Now, to view the data:

1. Open Chrome and enter chrome://tracing.
2. Click the _Load_ button to load the `task-timeline.txt` file, which will be in this notebook's directory. 
3. To zoom in or out, click the "asymmetric" up-down arrow button. Then hold the mouse button in the graph and roll the mouse scroll wheel up or down. (On a laptop trackpad, press and hold, then use another finger to slide up and down.)
4. To move around, click the crossed arrow and drag a section in view. 
5. Click on a box in the timeline to see details about it. 

Look for blocks corresponding to long-running tasks and look for idle periods, which reflect processing outside the context of Ray.

Here is a screen grab profiling the previous code, zoomed in on one block of tasks and with one task selected.
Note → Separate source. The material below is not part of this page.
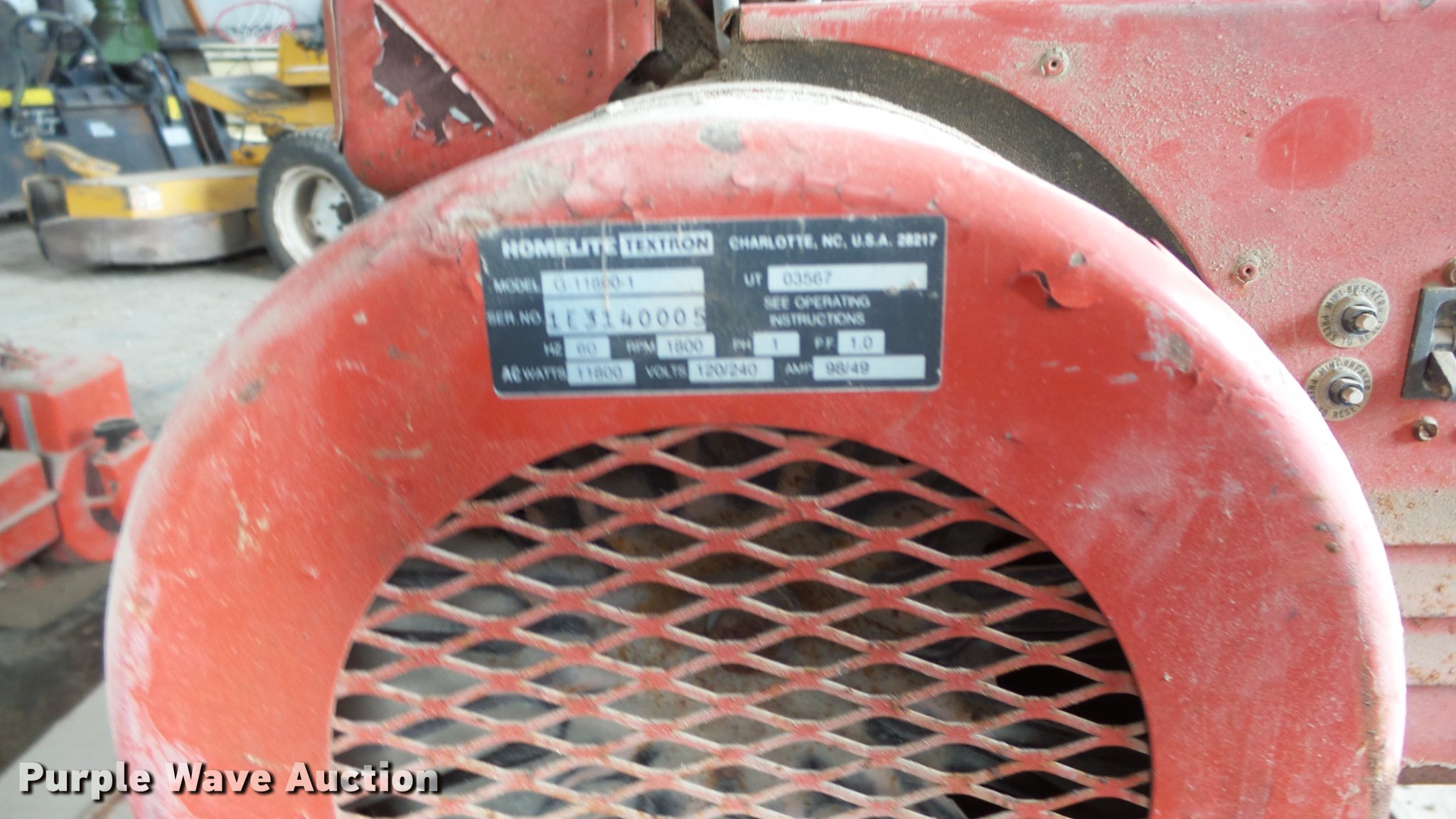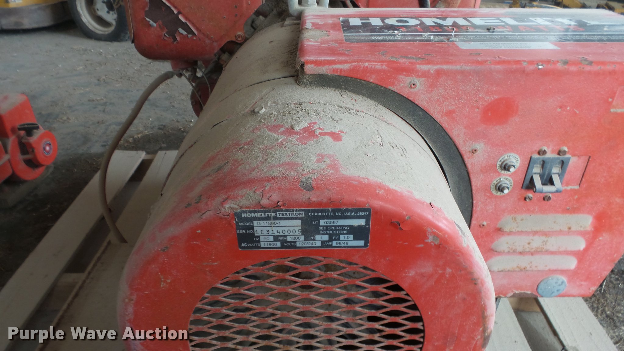 Purple Wave is selling a used Generator Set in Kansas. This item is a Homelite G-11800-1 generator with the following: Wisconsin gas engine, 11,800 watts, 120/240V, Single phase, Unknown operating condition

Note the processes shown on the left for drivers (more than one notebook was running at this time) and workers.

![Ray Trace Example](../images/Ray-Trace-Example.png)

In [None]:
ray.shutdown()  # "Undo ray.init()".

The next lesson, [Ray Actors Revisited](02-Ray-Actors-Revisited.ipynb), revisits actors. It provides a more in-depth look at actor characteristics and profiling actor performance using the _Ray Dashboard_.